Density-functional calculation of CeO 2 surfaces and prediction of effects of oxygen partial pressure and temperature on stabilities

Yong Jiang, James Adams, Mark Van Schilfgaarde

Research output: Contribution to journalArticle

143 Citations (Scopus)

Abstract

We have used density-functional theory to investigate (111), (110), (210), (211), (100), and (310) surfaces of ceria (Ce O2). Compared with previous interatomic-potential-based studies, our calculations reported a slightly different relative stability ordering and significantly lower surface energies for the stoichiometric surfaces. Using a defect model, the surface stabilities were evaluated as functions of oxygen partial pressure and temperature. Our investigations were restricted to ideal surface terminations, without considering defect formation on those surfaces.
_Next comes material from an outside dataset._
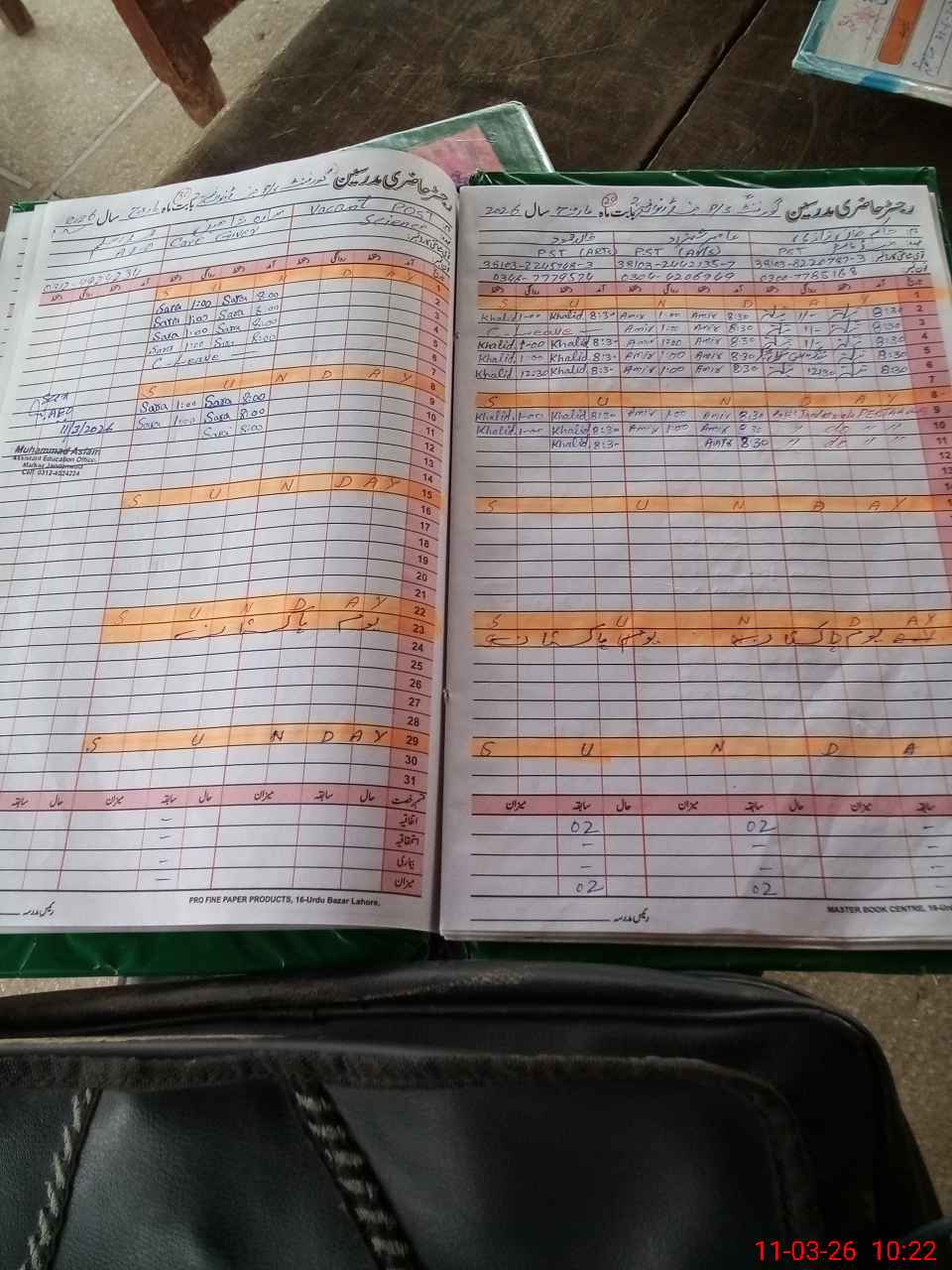 | CNIC | Full Name | Designation | R/C | Absence During Last Calender Month |

We found that at 300 K, the stoichiometric (111) has the lowest free energy for a wide range of oxygen partial pressures up to 1 atm, and only at ultrahigh vacuum does the Ce-terminated (111) becomes the most stable one. The transition point for the Ce-terminated (111) surfaces moves to higher oxygen partial pressures when temperature increases. To improve the prediction of electron density of states, we used the local-density approximation plus U (J) correction method to correct the on-site Coulomb correlation and exchange interaction due to the strongly localized Ce-4f electrons. The optimal parameter combination of U=7 eV and J=0.7 eV was found to improve the O 2p-Ce 4f gap without much degradation of ground-state bulk properties or the O 2p-Ce 5d gap. The bulk and surface electronic structures were then analyzed based on the improved density of states.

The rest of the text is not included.